Is there a approach to delta load to SSAS Tabular model ?

swabhiman das 20 Reputation points
2023-05-03T21:04:59.8266667+00:00

I have a Scenario , Where i refresh the cube (Process FULL or Process DATA) at certain interval, However my goal is to achieve incremental delta load to the partitions by allowing the partition to be refreshed with newly added data . The process ADD method does not work good if there had been an update in the transactional table . It basically duplicates the same Key Value with the new updated Value without replacing the OLD value and eventually the partition ends up with duplicate record. What is the best way to Achieve incremental Load in SSAS TABULAR ?

Azure Analysis Services
Azure Analysis Services
An Azure service that provides an enterprise-grade analytics engine.
437 questions
SQL Server Analysis Services
SQL Server Analysis Services
A Microsoft online analytical data engine used in decision support and business analytics, providing the analytical data for business reports and client applications such as Power BI, Excel, Reporting Services reports, and other data visualization tools.
1,244 questions
{count} votes

Accepted answer
  1. Gulshan Negi 75 Reputation points
    2023-05-10T11:50:06.4+00:00

    Hello, this is Gulshan Negi.

    Well, accomplishing a steady delta load in SSAS should be possible by utilizing segment handling choices, for example, cycle add, interaction update, or cycle update with add. However, in order to avoid duplicating the same key value with the new updated value, it is recommended to use Process Update with Append whenever there are updates in the transactional table. Change Data Capture (CDC) is another option for applying the changes in the transactional table to the cube. Overall, the best strategy will be determined by the project's particular requirements and constraints.

    Thanks


1 additional answer

Sort by: Most helpful
  1. PRADEEPCHEEKATLA-MSFT 77,081 Reputation points Microsoft Employee
    2023-05-05T05:54:51.65+00:00

    @swabhiman das - Thanks for the question and using MS Q&A paltform.

    Yes, there are several approaches to achieve incremental delta load in SSAS Tabular models. Here are some of the common approaches:

    Partition switching: Partition switching is a technique that allows you to switch out an old partition and switch in a new partition with the updated data. This approach requires that you have a staging table that contains the updated data, and that you can switch the partition to the new data. This approach is best suited for scenarios where you have a large amount of data that needs to be updated frequently.

    DirectQuery mode: DirectQuery mode allows you to query the data directly from the source database, rather than importing it into the SSAS Tabular model. This approach is best suited for scenarios where you have a large amount of data that needs to be updated frequently, and where the data is too large to be imported into the SSAS Tabular model.

    Incremental processing: Incremental processing is a technique that allows you to process only the data that has changed since the last processing. This approach requires that you have a way to identify the changed data, such as a timestamp or a flag, and that you can use this information to process only the changed data. This approach is best suited for scenarios where you have a moderate amount of data that needs to be updated frequently.

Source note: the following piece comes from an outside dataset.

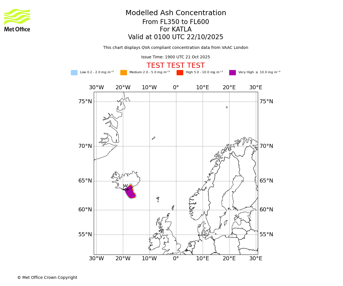 Modelled ash concentration from 350 to 600 for KATLA. Valid at 1900 UTC 21/10/2025

    Merge partitions: Merge partitions is a technique that allows you to merge two or more partitions into a single partition. This approach requires that you have two or more partitions that contain the same data, and that you can merge them into a single partition. This approach is best suited for scenarios where you have a small amount of data that needs to be updated frequently.

    The best approach for your scenario will depend on the specific requirements of your data and your SSAS Tabular model. You may need to experiment with different approaches to find the one that works best for your needs.

    1 person found this answer helpful.